Чуковский, когда его детские вещи оказались под запретом, — решил иммунизировать себя от нападок. Он напечатал в «Литературной газете» статью, в которой заявлял, что его прежние вещи детские — никуда не годны, или в этом роде что-то, что он был в колхозе, видел, как строится новая Россия, — и отныне он будет писать о деревне, о новом строительстве, о социализме. Впрочем — это была не статья, а письмо Халатову1. Халатов сопроводил это письмо своим письмом, в котором говорил примерно так: вот знаменательный поворот — и все прочее, что полагается. Чуковскому выдал, таким образом, вексель. Вероятно, он полагал, что векселя этого достаточно. Но не тут-то было. Книжки его все-таки оставались под замком. Он мне говорил, что зав. в Ленгизе так-таки ему и заявил: когда будут обещанные колхозные вещи? Но колхозных вещей он писать не может. Он ограничился лишь очерком «Бобровка на Саре» — о детском санатории туберкулезном в Крыму. Там он славил коллективизм. Очень надоедал мне, чтобы статья шла в «Новом мире» как можно скорей. Я взял ее, не зная, что она ему необходима как свидетельство о благонадежности. Он сам проговорился: Халатов ждет этой статьи. Статья вышла2. Но он и здесь рассчитывал понапрасну. Ее недостаточно.

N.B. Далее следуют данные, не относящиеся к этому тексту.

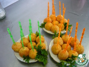 7. Готовые крокеты выложите на блюдце, воткните по шпажке в каждый из них.

Он ходит к Демьяну, вообще втирается помаленьку. Производит впечатление. Соловьев заметил мне на нашей редколлегии: «Обаятельный человек! Очень интересный».
— Еще бы! — заметил я. — Как его любил Иосиф Гессен. Ведь был присяжным критиком «Речи»3.
Соловьеву это, очевидно, не было известно.
Чуковский отвратителен лестью и ложью. Если бы был менее льстив, его можно терпеть. Но как только раскусишь его — он становится невыносим. Хвалил мне в глаза мою статью, которую не читал. Да и на кой ему черт читать мои статьи?
Заходил я как-то к Пиксанову4. В разговоре о современной литературе я обнаружил, что он ничего не читает и не знает. Не читал Артема Веселого, Бабеля, Олешу. Не знает Багрицкого. Поразительно — до того чужда им современность. А ведь втираются, говорят левые слова. Левые из левых.